A recent Pathify study reported the average click rate of emails in higher ed is less than 7%, even though email is the primary mode many institutions use to communicate important information to faculty, staff, and students. Right before the Pandemic, I also discovered that student responses to my emails had noticeably declined.  More students were missing programmatic and institutional events and due dates and since then, the trend has become even more pronounced. 

Around the same time student responses to emails declined, I also learned that my students were establishing group chats with classmates, cohorts, and friends to gather and quickly convey information: “Dr. Reeves, I heard in the group chat that…” I initially resisted this style of communication with students thinking it was too informal; but ultimately, it embodied student-centered approaches to communication that I couldn’t ignore.

As students’ email responses dwindled, a former colleague introduced me to the idea of using Google chat during office hours. There were several reasons students did not attend office hours, including living and working off campus or feeling too shy to attend office hours in person.  So my colleague began opening chat windows during her regularly scheduled office hours as a possible mode of communication. She discovered that chat messages appealed more to students than in-person meetings. As more students contacted her in Google, she found out the chat option allowed her to build out-of-class relationships with her students, answer questions about her courses and student career prospects, and to reach more students than geographically bound office hours permitted (this was pre-pandemic). The chat meetings also allowed her to strengthen her rapport with students and to identify course content students asked the most questions about or needed the most guidance on. After implementing the Google chat during office hours, my colleague’s course evaluations reflected that she was more accessible and responded quickly to students’ needs. 
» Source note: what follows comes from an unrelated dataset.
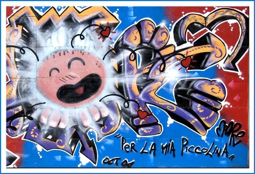 Hai colto un bel graffito urbano, un messaggio stranamente solare e innocente per un graffito. Per fortuna si vedono le linee del cemento che rendono limmagine meno riproduzione e più foto.

As we both started using Google chat during office hours, students shared with us that they were using texting apps like Discord, WhatsApp, and cell phone text messaging groups to keep in touch with classmates. Some cohorts assigned a student representative to each of their shared courses and that student would then share in the group chat any information from the faculty that came through in course announcements or emails. In other words, students were organizing to streamline communication and to make information-sharing more efficient.

When students were asked why they preferred sharing information over chat instead of email, they said they knew the chat messages were specific to their learning and experiences whereas many of the emails overwhelming their inboxes were general announcements about campus events that didn’t really have much to do with their personal needs or experiences. Since the pandemic, faculty are using chat features in more and more dynamic ways. (Check out these examples and see if they’ll complement your instructional style). 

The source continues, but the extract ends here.